Reflecting the resurgence of local concerns about the oil industry, dating back to the GATX and Sansinena explosions of the 1970s, we reported on local activists meeting with Antonia Juhasz, author of The Tyranny of Oil: The World’s Most Powerful Industry - And What We Must Do To Stop It. Our first issue of the year, as part of her project to nurture a global network of locally-based activist groups.

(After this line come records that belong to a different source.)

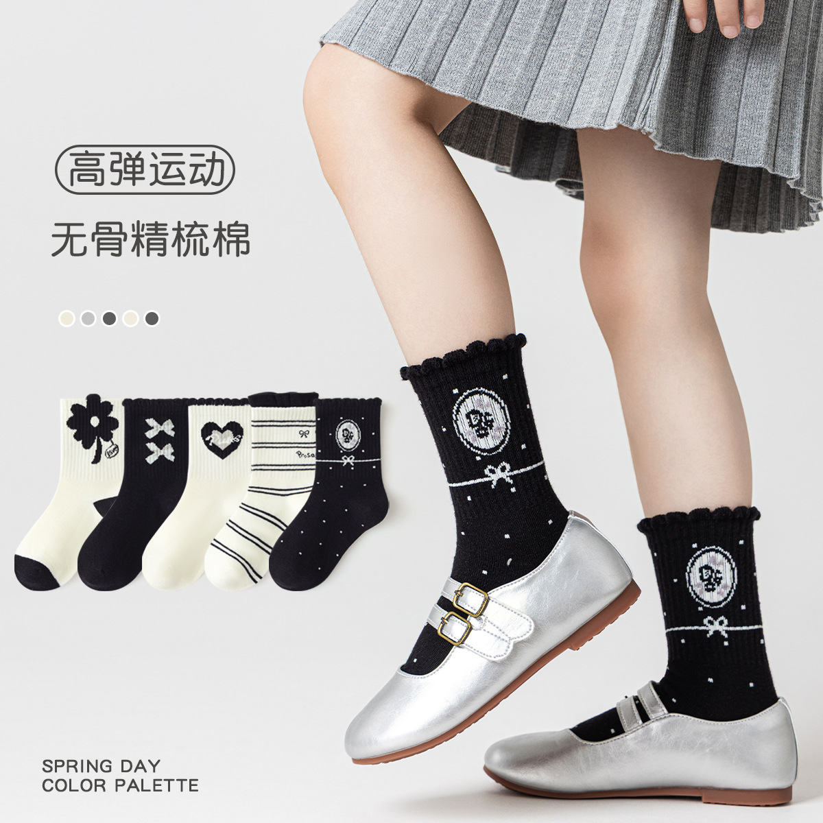 秋冬女の子靴下黒と白のスポーツソックスコーマ綿ボンレス子供靴下ミッドチューブラブフラワークラスAトレンディソックス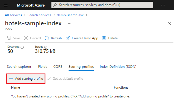 You can add a scoring profile to an index by editing its JSON definition in the Azure portal or programmatically through APIs like Create or Update Index REST or equivalent index update APIs in any Azure SDK. There's no index rebuild requirements so you can add, modify, or delete a scoring profile with no effect on indexed documents.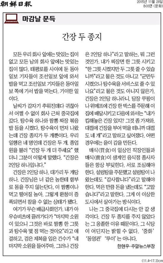 저런 글에 지면을 낭비할 여력이 있다니 한심한 신문이네
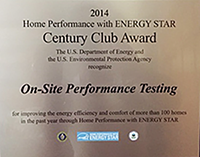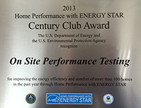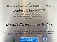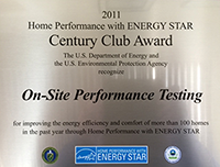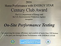 | 					      The Century Club Award recognizes On-Site Performance Testing as one of our leaders who has successfully improved the energy efficiency of 100 or more homes in the past year through the Home Performance with ENERGY STAR Program.
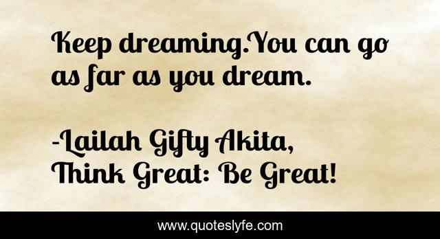 "Lailah Gifty Akita, Think Great: Be Great! Quotes." Quoteslyfe.com, 2025. Fri. 05 Dec. 2025. <https://www.quoteslyfe.com/quote/Keep-dreaming-You-can-go-as-far-140482>.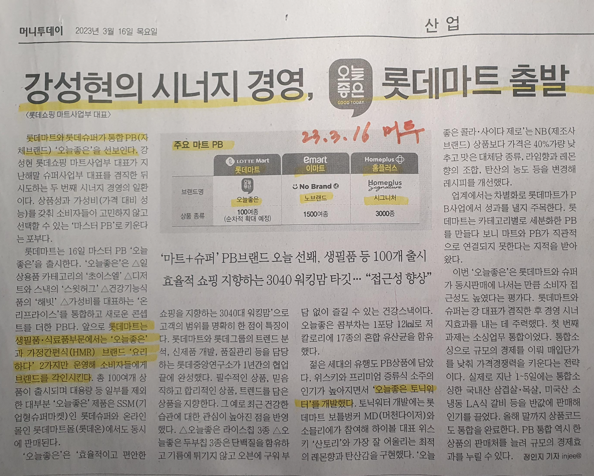 Comment)) 집근처 롯데마트를 자주가는 편이라 관련 기사 스트랩. 과거에는 PB 제품이 저가에 품질도 저가라는 인식이 있었지만 최근에는 대형유통사의 충성 고객을 이끌어 낼 수 있는 좋은 홍보 제품으로 신경을 많이 쓰고 있다. 롯데마트의 경우에는 셀렉트와 초이스엘과 스윗허그등의 PB 제품 브랜드가 분산되어 있었지만 브랜드 이미지 통합으로 이제는 '오늘좋은' 으로 판매 예정이다.

Our next issue focused on the opening of the 22nd Street Park, located on the old Unocal tank farm site, and the role played by local activists Bea Hunt Atwood in spearheading the fight that eventually removed that dangerous threat from our community. But remaining oil industry presence, in the form of 12-million gallon butane tanks on north Gaffey Street, returned to the spotlight following a major tragedy in Bruno in September, and we reported on a report prepared for the Northwest Neighborhood Council warning of the potential blast area that could impact most of the Harbor Area under a worst-case scenario.
Finally, Carson hosted an international conference of port and transportation justice activists from around the world in late October. The conference reaffirmed the global leadership role that Southern California activists, researchers and community members have played in advancing transportation-based environmental justice concerns that are now engaging communities on every continent on earth.
In short, it was year that underscored what great changes have occurred in the past decade, as well as how much more remains to be done.